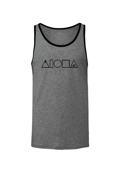 Unisex tanktop in dark heather grey screen printed with Mauka to Makai Aloha Shapes logo in black on front chest. Neck and armholes in contrasting black
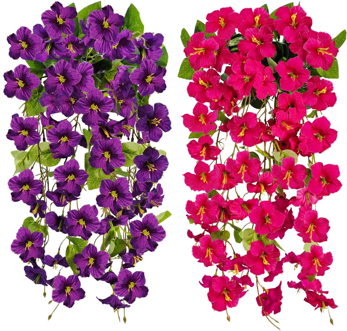 Artificial Hanging Flowers for Outdoors Decoration, 2 Bundles Outdoor Flowers UV Resistant Silk Morning Glory Fake Flowers for Front Porch Garden Window Box Outside Indoor Decor (Mixed Colors 2)
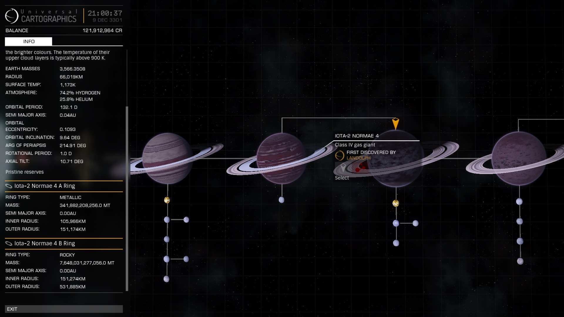 I have found many mining systems some not known in any other sources, I am most proud of LFT 65 as it is near the centre of the bubble (the closest to Sol that I know of). I found it whilst doing detailed surface scans on all the White Dwarves within the bubble (they are very common within the bubble). I will make a list and an explanation as to why they are a good source of income some other time. My favourite pristine metallic ring is in the Alkupai system where the ring is around a Tauri T star so it is always lit up
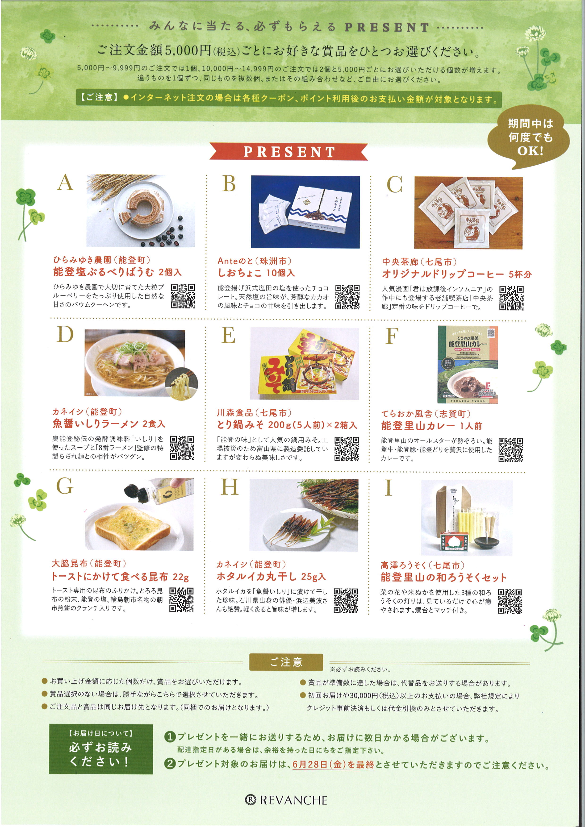 株式会社ルバンシュ(本社:石川県能美市/代表取締役:千田 和弘)では、能登半島地震で被災した事業者のプレゼントがもらえる「みんなに当たる、必ずもらえるプレゼントキャンペーン」を、2024年4月22日(月)~2024年6月21日(金)に開催いたします。
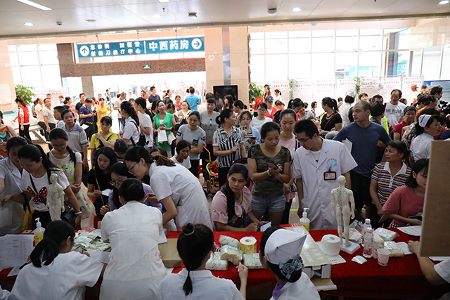 活动现场,各科室医务人员或站着、或坐着、或蹲着,针对群众的需求对不同穴位进行贴敷,并耐心地解答他们的疑惑,对相关疾病提出了日常预防、保健及治疗建议。
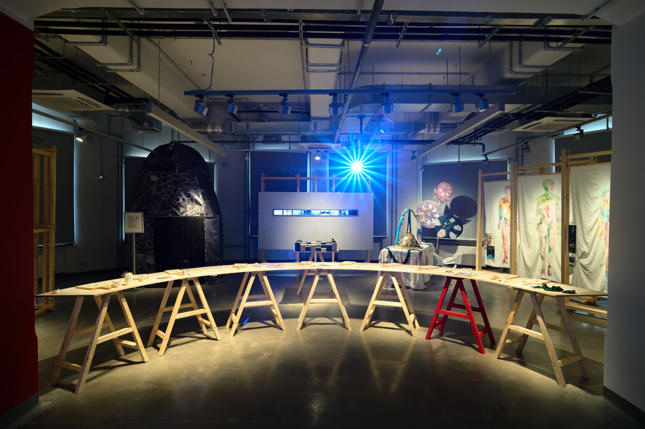 Здесь представлены работы участников Программы, артефакты и следы их пребывания в арт-резиденции.

* * * * * * *

* _THE TASK_
All lines from the one containing "株式会社ルバンシュ(本社:石" to the end of the entries should appear in the output exactly as written, with no pictures.

* _THE COMPLETED TASK_
 株式会社ルバンシュ(本社:石川県能美市/代表取締役:千田 和弘)では、能登半島地震で被災した事業者のプレゼントがもらえる「みんなに当たる、必ずもらえるプレゼントキャンペーン」を、2024年4月22日(月)~2024年6月21日(金)に開催いたします。
 活动现场,各科室医务人员或站着、或坐着、或蹲着,针对群众的需求对不同穴位进行贴敷,并耐心地解答他们的疑惑,对相关疾病提出了日常预防、保健及治疗建议。
 Здесь представлены работы участников Программы, артефакты и следы их пребывания в арт-резиденции.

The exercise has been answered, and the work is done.